Everyone loses, of course, in a cancelled season but the Players Association looks to me to be cornered on the BRI issue. Today, probably, the owners will give a little love via the salary cap issue and Billy Hunter/Derek Fisher will have some kind of face saving press conference and the standoff ends tonight. 50/50 BRI and a higher salary cap or lower luxury tax than the owners have on table now. My guess!
It’s wrong to say Billy Hunter played some good bargaining chips here. He was bad beginning to end. David Stern did well but, remember, he was up against Billy Hunter. Billy was too lazy to look into whether the owners were REALLY losing money. That was important to know and I don’t believe impossible to learn. So he went into this with “Union Strategy 101” when the owners were really dug in. He missed that the last CBA was built on owner’s confidence that they could make money in the end despite a bad 43/57 BRI. They didn’t, now the world’s economy is on its ass, particularly in Europe (the players’ bluff alternative employer), and decertification got the NFL players nothing. These are all pro-owner factors. Billy Hiunter was to NBA Players as Dr. Conrad Murray was to Michael Jackson.
So, you did well, keeping the topics going.
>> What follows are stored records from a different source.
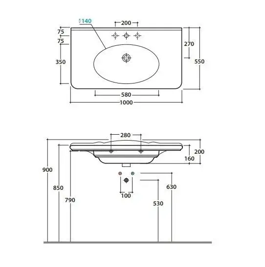 Globo Paestum Раковина 100х55х20 см, с 1 отв., цвет: белый
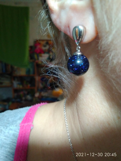 Прекрасные серьги, которые притягивают взгляды своими авантюринчиками. Два кусочка звёздного неба. При дневном свете особенно хороши
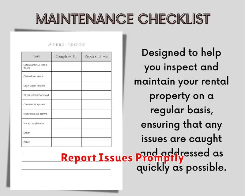 Timely reporting is crucial for effective property maintenance. Promptly reporting issues helps prevent further damage and ensures a faster resolution. A small leak, for example, can escalate into a significant problem if left unattended. Similarly, a minor electrical issue can become a safety hazard if not addressed quickly.
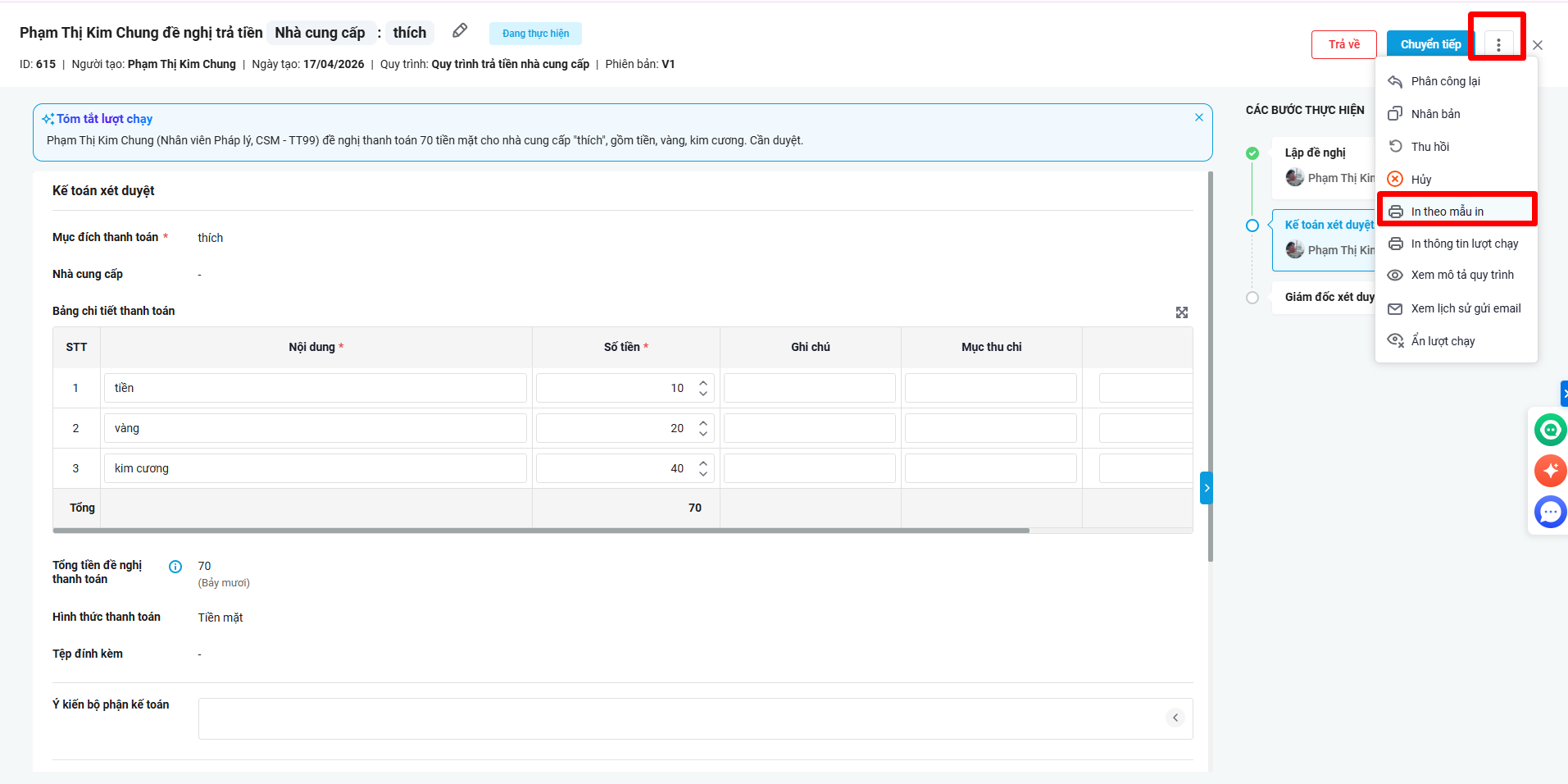 Bước 1. Trên giao diện chi tiết lượt chạy, chọn biểu tượng , nhấn In theo mẫu in.
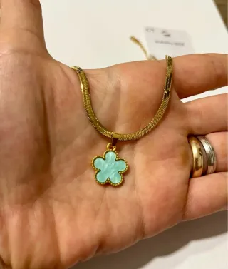 Delicata collana con catena in acciaio argentato e un ciondolo a forma di fiore color menta. Un accessorio semplice ma d'effetto. Stile Van Cleef, lunghezza 42 cm. - Materiale ciondolo: metallo smaltato - Chiusura moschettone

Congrats for that. I think basketball will be back in a month and we can get down to why Doc doesn’t play rookies etc. .
How much money is Jeff Clark losing with this lockout? Are your advertisers still paying? Just curious
not really something I’m comfortable discussing but overall I’m fine, thanks
Faith and Sports - an essay by Jeff Clark
End of NBA as we know it.
If there is no movement and the players decertify the season is gone and the owner’s offer will be worse next fall. There will be two seasons of free agents and two draft classes and teams with very few signed players. How do you spell DISASTER ? Both teams & players will have lost financially and teams will be unrecognizable. Only Miami, Chicago, & Oklahoma City will have anything that resembles an NBA team and many who sat out this year will be jobless.